SON BİR KİŞİ KALANA DEK
Sürekli ziyaretçi akınına uğrasa da köylüleri terk etmeyen bir isim var. Her gün Ödemişten Lübbeye gidip gelen ve orada kahvecilik yapan Mehmet Güler. Güler her gün motoruyla kilometrelerce yol katederek 3-5 müşteriye odun ateşinde çay yapıyor, köye ekmek getiriyor. Köylülerin hayatla bağlantısını güçlendiren Güler, Bu köyde bir kişi kalsa dahi ben gelip bu kahveyi açarım. Burayı terk etmeyeceğim dedi. Doğup büyüdüğü köye olan vefasını, köye gelip kahvehaneyi açık tutarak gösteren Güler, bazı günler müşteri azlığı sebebiyle benzin parasını bile çıkaramıyor, bazen de demlediği çayı geri döküyor. Lübbeyin zamanla terk edilmeye başladığını söyleyen Güler, şunları anlattı: 30 yıl önce Lübbeyde çok kişi yaşıyordu. Neredeyse 300 hane vardı. Geniş araziler, otobüs, dolmuş, elektrik, su olmadığı için insanlar imkanı olan diğer köylere göç etmeye başladı. Özellikle Çamyayla Köyüne elektrik bağlanınca buradan gidenler çok fazla oldu. Ben de burada doğdum büyüdüm. Şu anda çocuğumun okulu nedeniyle Ödemiş merkezde yaşıyorum. Artık burada sadece yaşlılar kalıyor. Geçen sene 7-8 kişi varken, bu sene 3-5 kişi ancak yaşıyor. Bu köyü terk etmeyenler hayatlarını kaybettikçe köy nüfusu da günden güne azalmaya başladı.
BARİ BİR CAMİMİZ OLSUN
70 yıllık köy kahvesini açarak Lübbeyi ayakta tutmaya çalıştığını ifade eden Güler, şunları söyledi: Burası terk edilmiş vaziyette. Ben de terk ettiğimde burası tamamen biter. Bazen şehirden dostlarımız köyü merak edip geliyor. Onlara çay ve su ikram ediyorum. Ben de gelmesem burada hiç kimse olmaz. Köyü ayakta tutmaya çalışıyoruz. Burası tarihi bir köy. Yıkılmak üzere olan tarihi camilerinden de bahseden Güler, Cami yıkılmak üzere. Acilen onarılması lazım. Yıkıldığı zaman can ve mal kaybı olacak. Benim kahvemde tehlike altında. Elimizden geleni yapıyoruz ancak kimse bizi duymuyor. Namaz kılacak yer yok. Bari bir camimiz olsun. Köyümüz restore edilirse turistler gelir ve köy kalkınır. Köye can gelir. Bize sahip çıkılmasını istiyoruz diye kaydetti. Köy kahvesinde günde en fazla 15 bardak çay satabildiğini dile getiren Güler, Buraya haftanın bir günü manav gelir. Bir gün de gezici bakkal gelir. Köy halkı ihtiyaçlarını bu şekilde karşılar. Ekmeğe ihtiyaçları olduğunda beni arıyorlar ve onlara ekmek getiriyorum. Elim boş gelmiyorum. Burada sohbet ediyoruz, bazen didişiyoruz. Bazen köy 3 kişiye dar geliyor. Yeri geliyor birbirimizi arıyoruz. Gelmediğim günler telefonum susmuyor. Neredesin hadi gel diyorlar. Güzel bir diyalogumuz var. Akşam eve döneceğim zaman ise o son bakışlarını unutamıyorum dedi.

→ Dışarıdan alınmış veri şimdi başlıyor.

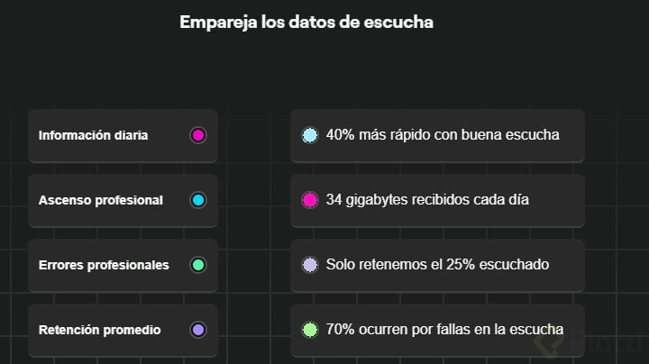 Cada día recibimos alrededor de 34 gigabytes de información, casi 100.000 palabras, pero solo retenemos cerca del 25% de lo que escuchamos. En comunicación profesional, el 70% de los errores proviene de fallas de escucha y no de expresión, y quienes dominan esta habilidad son promovidos hasta 40% más rápido. La escucha activa es hoy un diferenciador decisivo: mejora la comprensión, eleva la empatía y reduce conflictos.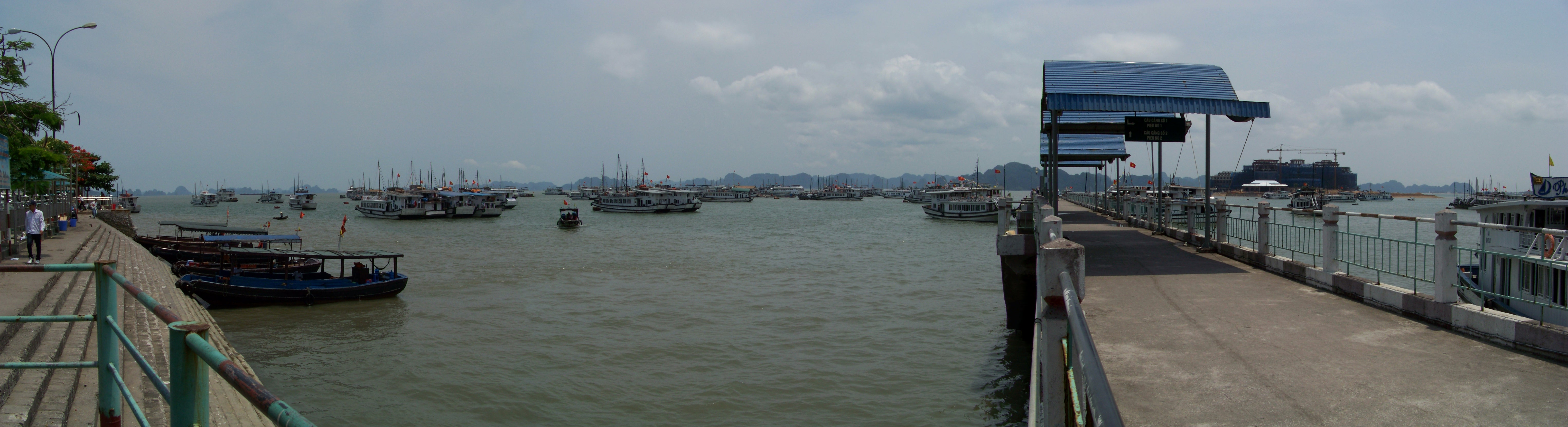 After breakfast, we returned to our room to gather our things. Sue settled in the reception while I took a short wander down the lane, capturing some photos of the Vietnamese having breakfast at the street-side stalls. When I returned, Jenny and Ron were also waiting for the mini-bus to Halong Bay. Right on time, our guide for the next two days led us down the very same lane I’d just photographed, where we boarded the bus alongside six other passengers.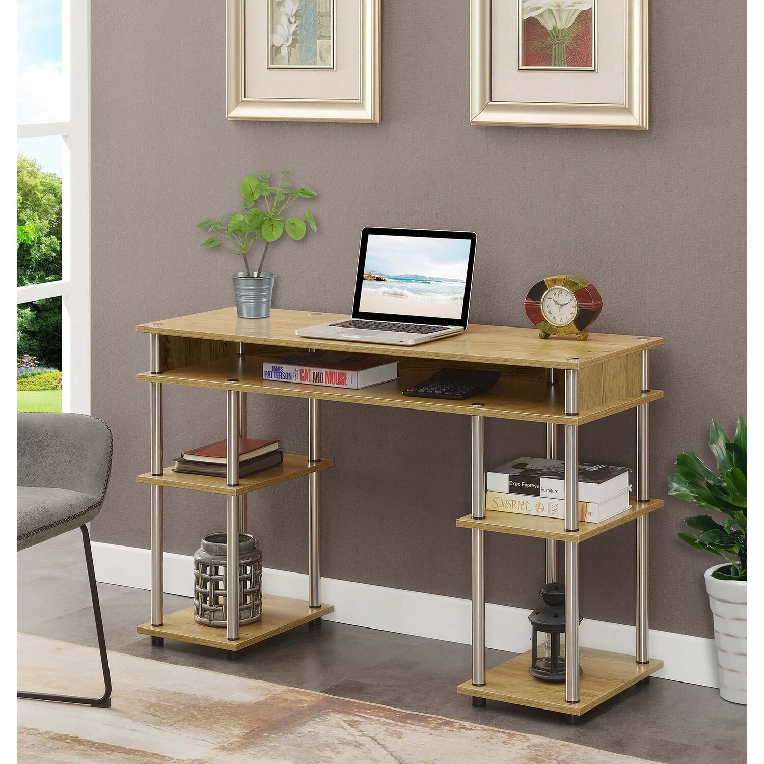 Desk with Shelves - No Tools Home Office Computer Desk, Corner Vanity Nail Table - 47.25" English Oak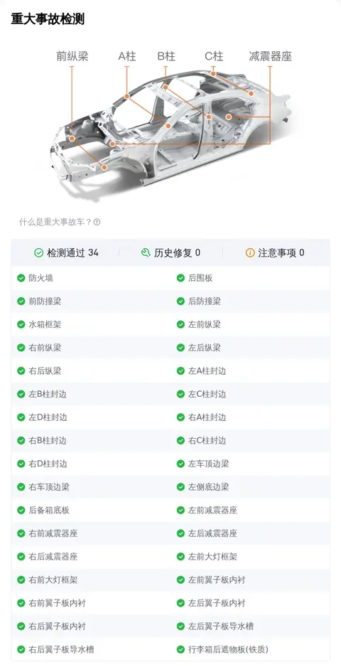 在车况部分,除了外观、内饰功能的检测,更多买家关注的是这辆车是否为“三非”车辆,三非就是指非重大事故、非火烧、非水泡。因为事故车、泡水车、火烧车都存在较大的安全隐患。不过您放心,这辆车已经通过了事故检测、火烧检测和泡水检测,可以确定它非重大事故车、非火烧车、非泡水车。

PERDENİN ARDINDA İKİ YALNIZ BAKIŞ
Köyün kadınlarından biri o gün Ödemişin pazarına gitmişti. Onunla tanışamadık ancak yılların eskitemediği bir çiftle rastlaştık. İbrahim dede ve eşi Mürüvvet teyze balkonlarından selam verdiler bize. Ardından duygularını dile getirdiler: Kahve açıldığında hemen buraya geliyoruz. Çayımızı içip sohbet ediyoruz. Köyde üç kadın vardı. Biri bu sene ölünce iki kadın kaldık. Kahveye gelen tek kadın benim. İkindiye kadar kahvede insanlarla sohbet ediyorum, sonra da evime dönüyorum. Bir şeye ihtiyacım olduğunda Mehmete telefon ediyoruz, getiriyor. Canımız çay çekince gelip çay içiyoruz. Köyde insan olmadığı için canımız sıkılıyor. Buraya gelip Mehmet ile sohbet ediyoruz. Şebeke çekmediği için Lübbeyde telefonla ilgilenmek imkansız. Burada yaşayanların belki akıllı telefonları yok ve belki dünyada olup bitenlerden çoğu zaman habersizler ama bizden çok daha mutlular diyemiyoruz. Çünkü böyle bir yaşamı onlar da istemiyor. İstedikleri ise köylerinin daha iyi şartlara sahip olması. Ve restore edilecek olan 48 yapının acilen ayağa kaldırılması. Aksi halde Lübbeyden geriye sadece bir taş yığını kalacak.